▶ _WHAT YOU NEED TO DO_
The pictures get left out, but everything else in the listing below must be duplicated exactly.

▶ _THE DATA_

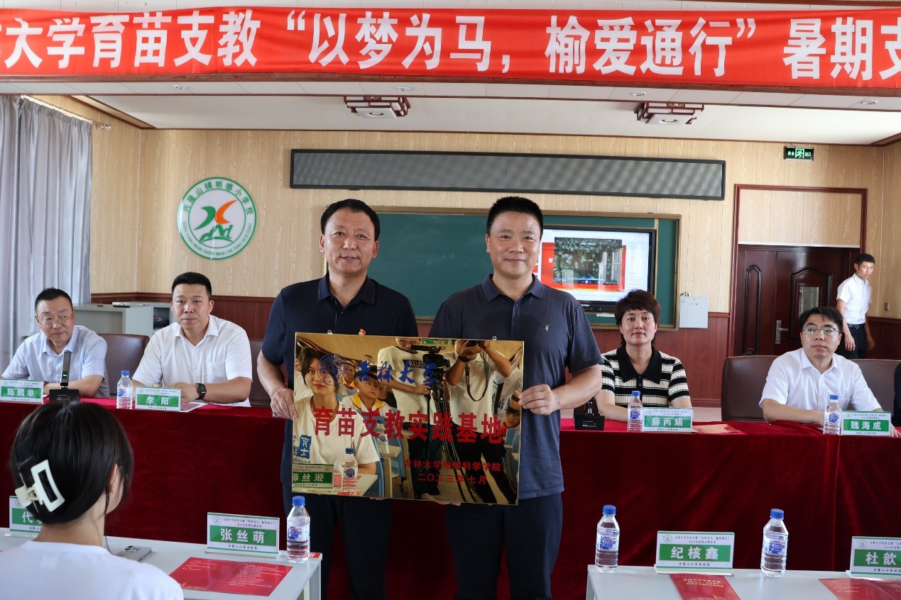 启动仪式上,还进行了“必赢bwin线路检测中心大学生实习实践基地”授牌仪式,“必赢bwin线路检测中心育苗支教实践基地”授牌仪式,“必赢bwin线路检测中心育苗支教社团暑期社会实践”授旗仪式。最后,通榆县兴隆山镇明德小学学生代表向必赢bwin线路检测中心育苗支教社团支教队员献花。
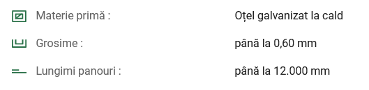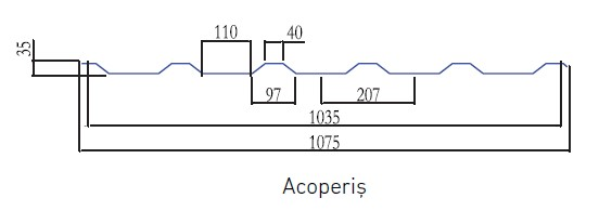 Panoul de tablă cutată JIS35 prezintă o greutate specifică mică, fără efecte negative asupra durabilităţii construcţiei, este incombustibilă şi nu influenţează clasa de rezistenţă la foc a construcţiei.
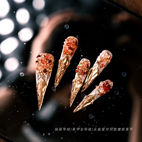永夜星河同款鏡妖美甲,金色魔鏡粉造型,搭配水晶碎石,無疑是美甲藝術(shù)中的璀璨明珠。在完成基礎(chǔ)的指甲護理與打磨后,沈陽美甲學校帶大家進入這款美甲的核心制作環(huán)節(jié)。

▶ _THE ANSWER_
 启动仪式上,还进行了“必赢bwin线路检测中心大学生实习实践基地”授牌仪式,“必赢bwin线路检测中心育苗支教实践基地”授牌仪式,“必赢bwin线路检测中心育苗支教社团暑期社会实践”授旗仪式。最后,通榆县兴隆山镇明德小学学生代表向必赢bwin线路检测中心育苗支教社团支教队员献花。
 Panoul de tablă cutată JIS35 prezintă o greutate specifică mică, fără efecte negative asupra durabilităţii construcţiei, este incombustibilă şi nu influenţează clasa de rezistenţă la foc a construcţiei.
永夜星河同款鏡妖美甲,金色魔鏡粉造型,搭配水晶碎石,無疑是美甲藝術(shù)中的璀璨明珠。在完成基礎(chǔ)的指甲護理與打磨后,沈陽美甲學校帶大家進入這款美甲的核心制作環(huán)節(jié)。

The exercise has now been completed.